Article Preview
TopThe performance of the emotional scene detection is largely dependent on the accuracy and efficiency of the facial expression recognition. While there are various approaches to recognize facial expressions (Tian, Kanade & Cohn, 2011), our approach is based on the geometric features taking into consideration the tradeoff between the accuracy and efficiency. The geometric features can describe the shape and locations of salient facial components such as eyebrows, eyes, and a mouth.
For example, 3D models of the faces are used as the geometric features in order to accurately recognize facial expressions (Wang, Yin, Wei & Sun, 2006; Soyel & Demirel, 2007).

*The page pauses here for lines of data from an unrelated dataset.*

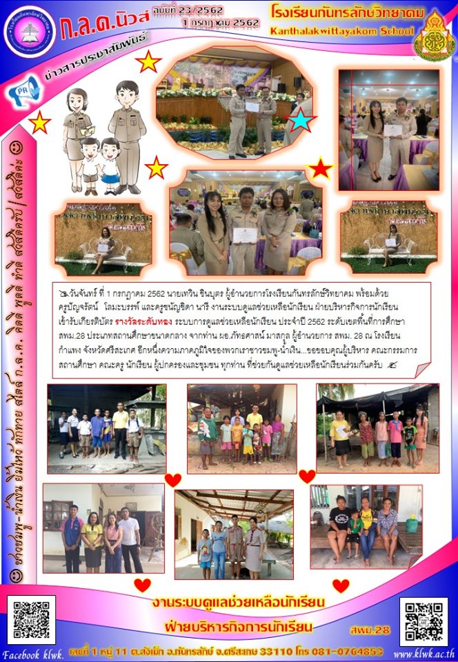 วันจันทร์ ที่ 1 กรกฎาคม 2562 นายเทวิน ชินบุตร ผู้อำนวยการโรงเรียนกันทรลักษ์วิทยาคม พร้อมด้วยครูปัญจรัตน์ โลมะบรรพ์ และครูชนัญชิดา นารี งานระบบดูแลช่วยเหลือนักเรียน ฝ่ายบริหารกิจการนักเรียน เข้ารับเกียรติบัตร รางวัลระดับทอง งานระบบการดูแลช่วยเหลือนักเรียน ประจำปี 2562 ระดับเขตพื้นที่การศึกษา สพม.28 ประเภทสถานศึกษาขนาดกลาง จากท่าน ผอ.ภัทธศาสน์ มาสกุล ผู้อำนวยการ สพม. 28 ณ โรงเรียนกำแพง จังหวัดศรีสะเกศ อีกหนึ่งความภาคภูมิใจของพวกเราชาวชมพู-น้ำเงิน...ขอขอบคุณผู้บริหาร คณะกรรมการสถานศึกษา คณะครู นักเรียน ผู้ปกครองและชุมชน ทุกท่าน ที่ช่วยกันดูแลช่วยเหลือนักเรียนร่วมกันครับ
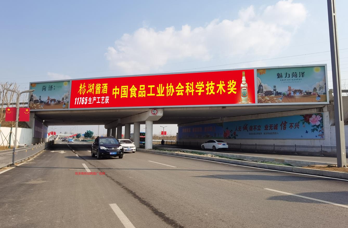 媒體位置:菏澤高鐵站南側(cè)跨路噴繪廣告牌
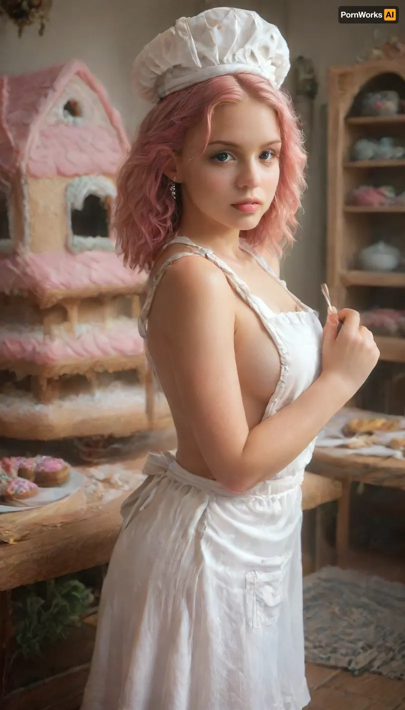 A beautiful girl pastry chef, pink hair, white apron with side boob, ((bakes a gingerbread house)), cottoncandy, Candy, Land, gingerbread, house, <lora:SDXLCottonCandy:.5>, <lora:Candy_land_2:.5>, <lora:Pink_Lips:.5>, <lora:Gingerbread_Houses_SDXL-000007:1.5>

They can be very precise and effective for accurate recognition. In the lifelog video retrieval, however, it will be difficult to prepare 3D facial features within reasonable cost because of a large amount of video data.
By using several salient facial feature points (e.g., the end points of a mouth) on a 2D coordinate system, the geometric features can be more concise. They are defined as the positional relationships of the facial feature points such as the distance between two points (Esau, Wetzel, Kleinjohann & Kleinjohann, 2007; Hupont, Cerezo & Baldassarri, 2010). We adopt the geometric features represented by the positional relationships of a few facial feature points because of the conciseness and the better understandability of the facial features.